_What to do_
Below are the entries. Transcribe exactly the lines from the one with "Ruben 3 Light" through the one with "The studio has", ends included, and leave out all others.

_Task inputs_

<<<<

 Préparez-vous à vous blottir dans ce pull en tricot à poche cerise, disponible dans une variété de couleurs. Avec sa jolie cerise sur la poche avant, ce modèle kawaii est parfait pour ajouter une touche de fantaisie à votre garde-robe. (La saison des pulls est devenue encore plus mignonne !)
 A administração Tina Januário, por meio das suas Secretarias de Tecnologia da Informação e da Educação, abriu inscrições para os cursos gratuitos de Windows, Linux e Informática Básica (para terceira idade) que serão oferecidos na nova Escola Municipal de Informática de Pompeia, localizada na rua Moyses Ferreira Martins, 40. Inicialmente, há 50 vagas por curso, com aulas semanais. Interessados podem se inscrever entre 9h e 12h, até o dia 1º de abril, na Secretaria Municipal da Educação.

>>>>
<<<<

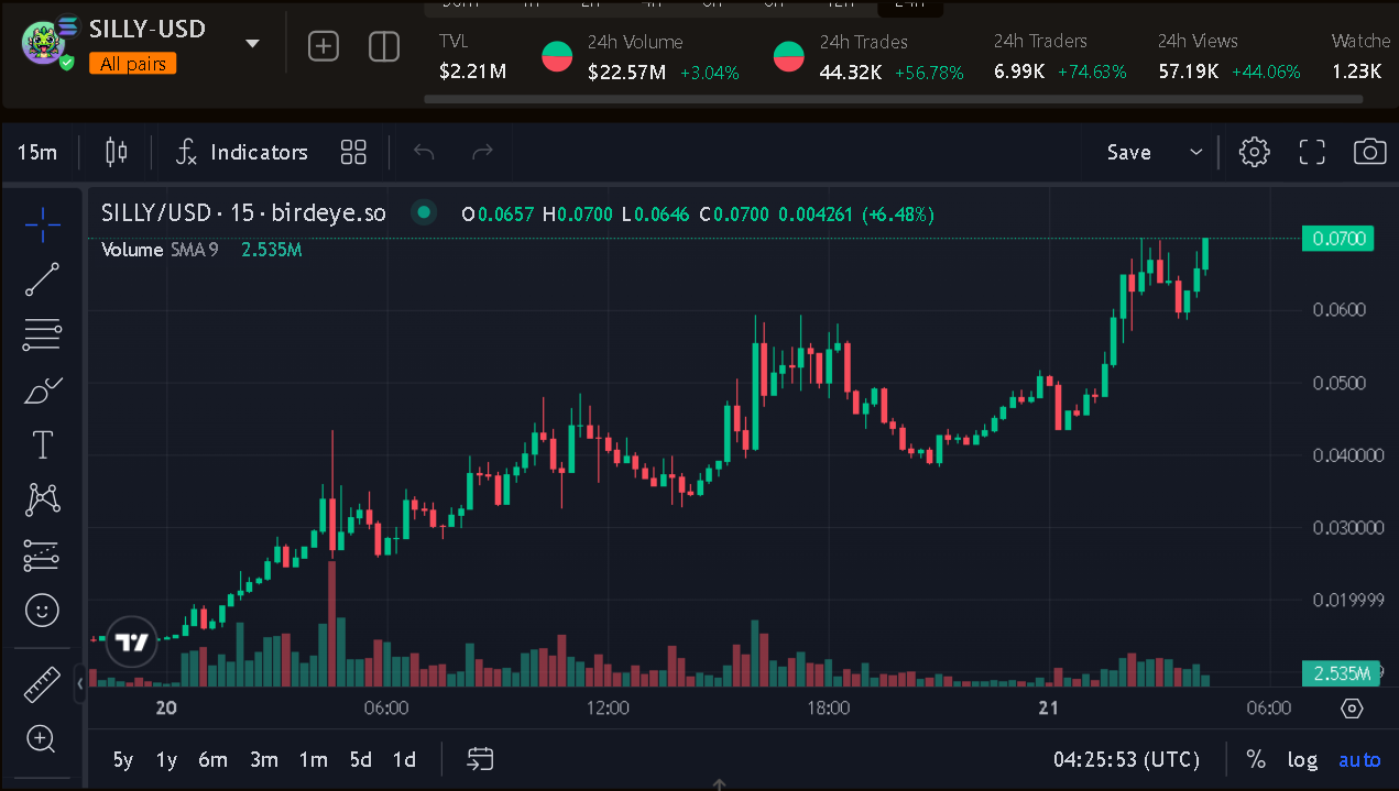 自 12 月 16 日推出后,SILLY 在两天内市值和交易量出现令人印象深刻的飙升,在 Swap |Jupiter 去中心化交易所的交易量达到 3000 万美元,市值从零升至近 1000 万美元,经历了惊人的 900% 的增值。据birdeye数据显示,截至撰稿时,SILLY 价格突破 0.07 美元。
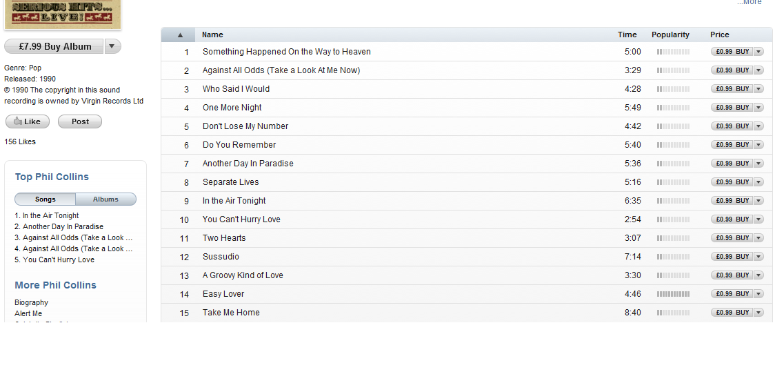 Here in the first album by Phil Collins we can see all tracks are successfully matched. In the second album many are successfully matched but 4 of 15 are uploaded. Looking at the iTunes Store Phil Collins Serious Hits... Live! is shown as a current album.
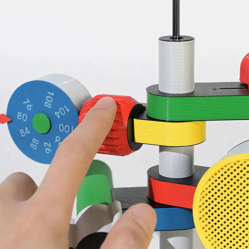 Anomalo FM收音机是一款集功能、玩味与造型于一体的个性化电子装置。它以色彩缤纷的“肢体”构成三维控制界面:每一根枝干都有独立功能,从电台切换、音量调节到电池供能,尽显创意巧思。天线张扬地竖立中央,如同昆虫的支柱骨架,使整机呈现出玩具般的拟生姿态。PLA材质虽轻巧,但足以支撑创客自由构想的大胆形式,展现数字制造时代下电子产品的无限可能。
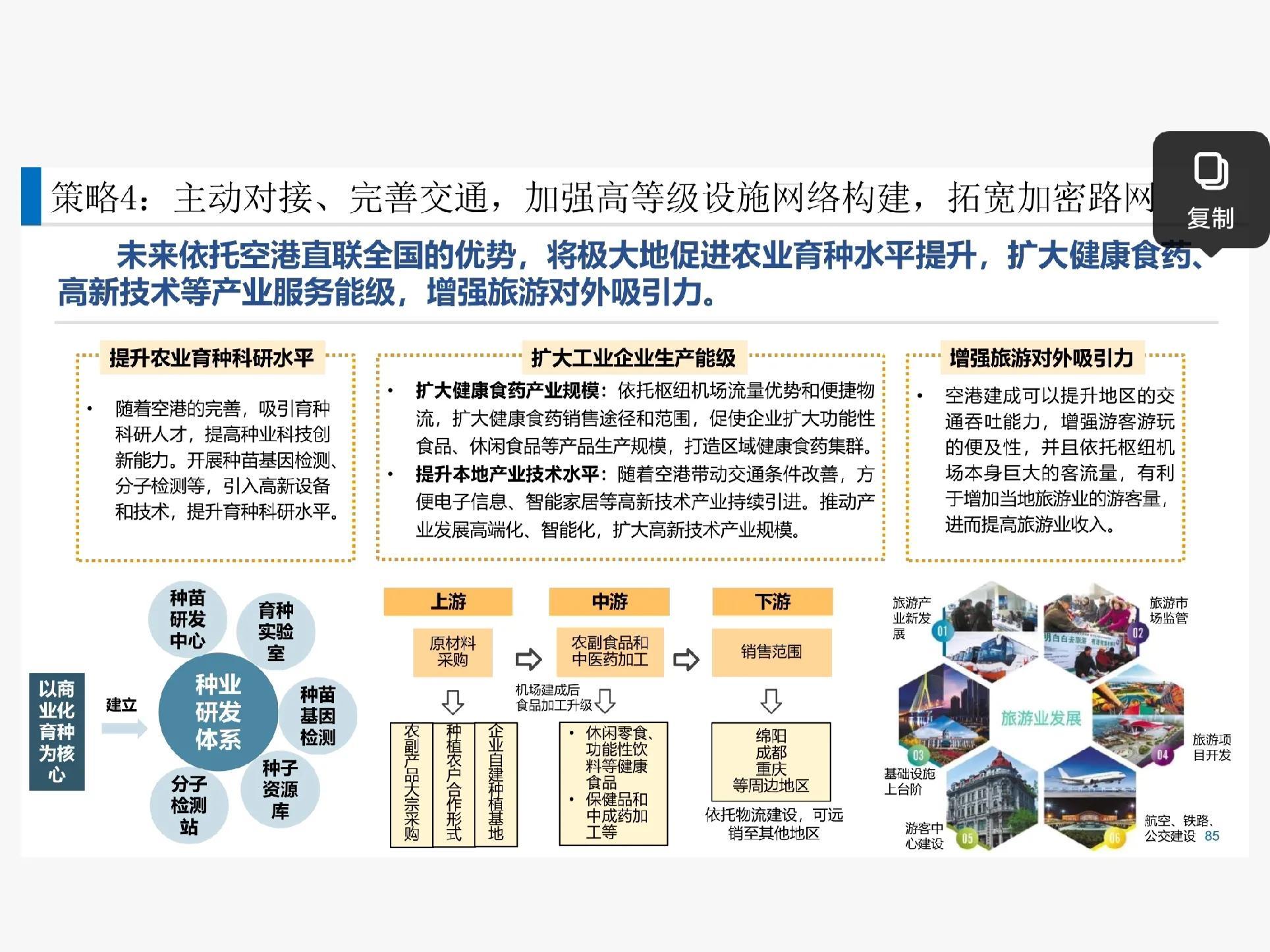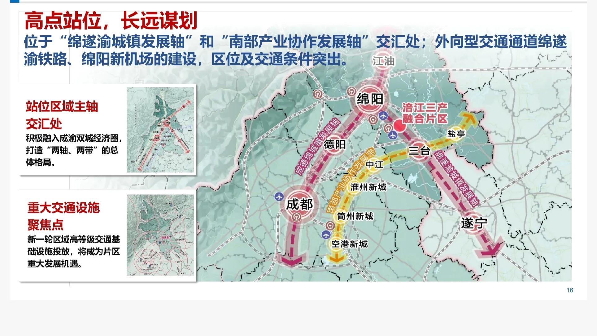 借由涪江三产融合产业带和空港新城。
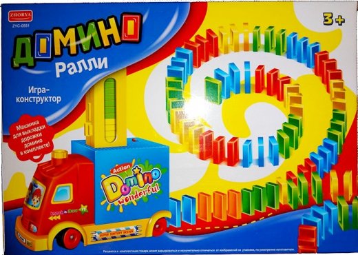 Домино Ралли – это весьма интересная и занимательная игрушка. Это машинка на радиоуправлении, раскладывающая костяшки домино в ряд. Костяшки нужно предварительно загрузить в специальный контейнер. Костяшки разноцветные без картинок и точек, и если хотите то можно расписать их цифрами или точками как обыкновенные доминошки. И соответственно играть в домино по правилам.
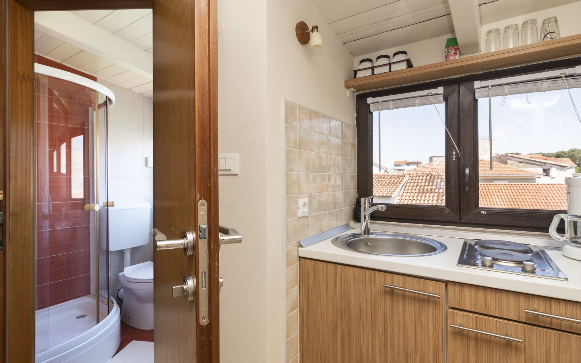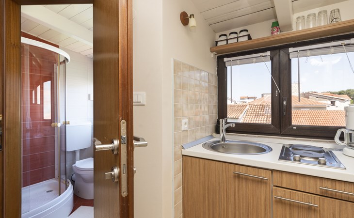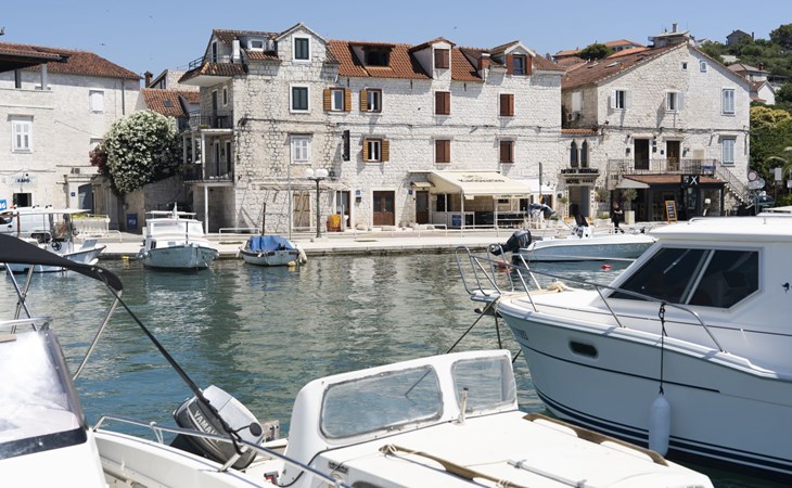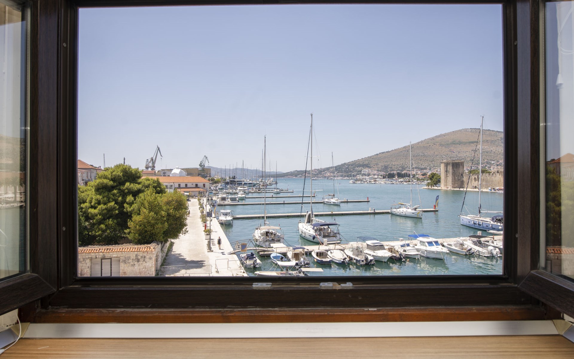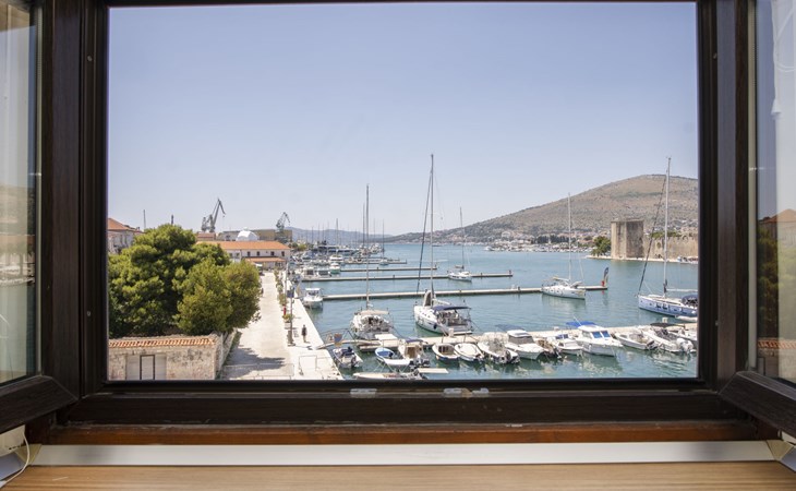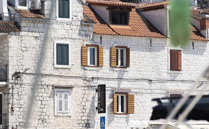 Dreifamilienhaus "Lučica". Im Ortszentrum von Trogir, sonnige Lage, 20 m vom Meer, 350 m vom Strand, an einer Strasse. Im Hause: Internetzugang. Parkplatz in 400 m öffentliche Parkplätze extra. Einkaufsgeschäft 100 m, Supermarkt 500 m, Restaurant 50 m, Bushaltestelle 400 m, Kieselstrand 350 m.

>>>>
<<<<

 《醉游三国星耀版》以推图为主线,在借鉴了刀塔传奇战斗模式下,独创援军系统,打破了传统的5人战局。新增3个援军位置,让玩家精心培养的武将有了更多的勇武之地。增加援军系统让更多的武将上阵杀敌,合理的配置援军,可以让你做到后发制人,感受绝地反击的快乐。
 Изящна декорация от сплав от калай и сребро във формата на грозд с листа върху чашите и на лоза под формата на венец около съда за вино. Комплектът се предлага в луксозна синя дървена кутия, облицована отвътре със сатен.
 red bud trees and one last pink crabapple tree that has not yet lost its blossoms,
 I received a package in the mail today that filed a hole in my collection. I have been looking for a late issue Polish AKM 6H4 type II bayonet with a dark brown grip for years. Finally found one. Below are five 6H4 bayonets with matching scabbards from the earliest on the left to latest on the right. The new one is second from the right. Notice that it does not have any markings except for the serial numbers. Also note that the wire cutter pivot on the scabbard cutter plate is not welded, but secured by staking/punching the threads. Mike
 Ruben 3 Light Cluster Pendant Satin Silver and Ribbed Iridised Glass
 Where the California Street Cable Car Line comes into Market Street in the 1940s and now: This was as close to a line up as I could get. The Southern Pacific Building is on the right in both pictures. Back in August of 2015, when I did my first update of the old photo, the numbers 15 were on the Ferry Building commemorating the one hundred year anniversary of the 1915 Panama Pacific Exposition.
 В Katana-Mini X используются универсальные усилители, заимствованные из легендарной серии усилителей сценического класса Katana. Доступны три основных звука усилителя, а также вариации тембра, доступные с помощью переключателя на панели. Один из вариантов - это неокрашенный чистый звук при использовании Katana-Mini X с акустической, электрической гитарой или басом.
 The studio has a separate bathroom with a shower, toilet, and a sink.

>>>>

_Written solution_
 Ruben 3 Light Cluster Pendant Satin Silver and Ribbed Iridised Glass
 Where the California Street Cable Car Line comes into Market Street in the 1940s and now: This was as close to a line up as I could get. The Southern Pacific Building is on the right in both pictures. Back in August of 2015, when I did my first update of the old photo, the numbers 15 were on the Ferry Building commemorating the one hundred year anniversary of the 1915 Panama Pacific Exposition.
 В Katana-Mini X используются универсальные усилители, заимствованные из легендарной серии усилителей сценического класса Katana. Доступны три основных звука усилителя, а также вариации тембра, доступные с помощью переключателя на панели. Один из вариантов - это неокрашенный чистый звук при использовании Katana-Mini X с акустической, электрической гитарой или басом.
 The studio has a separate bathroom with a shower, toilet, and a sink.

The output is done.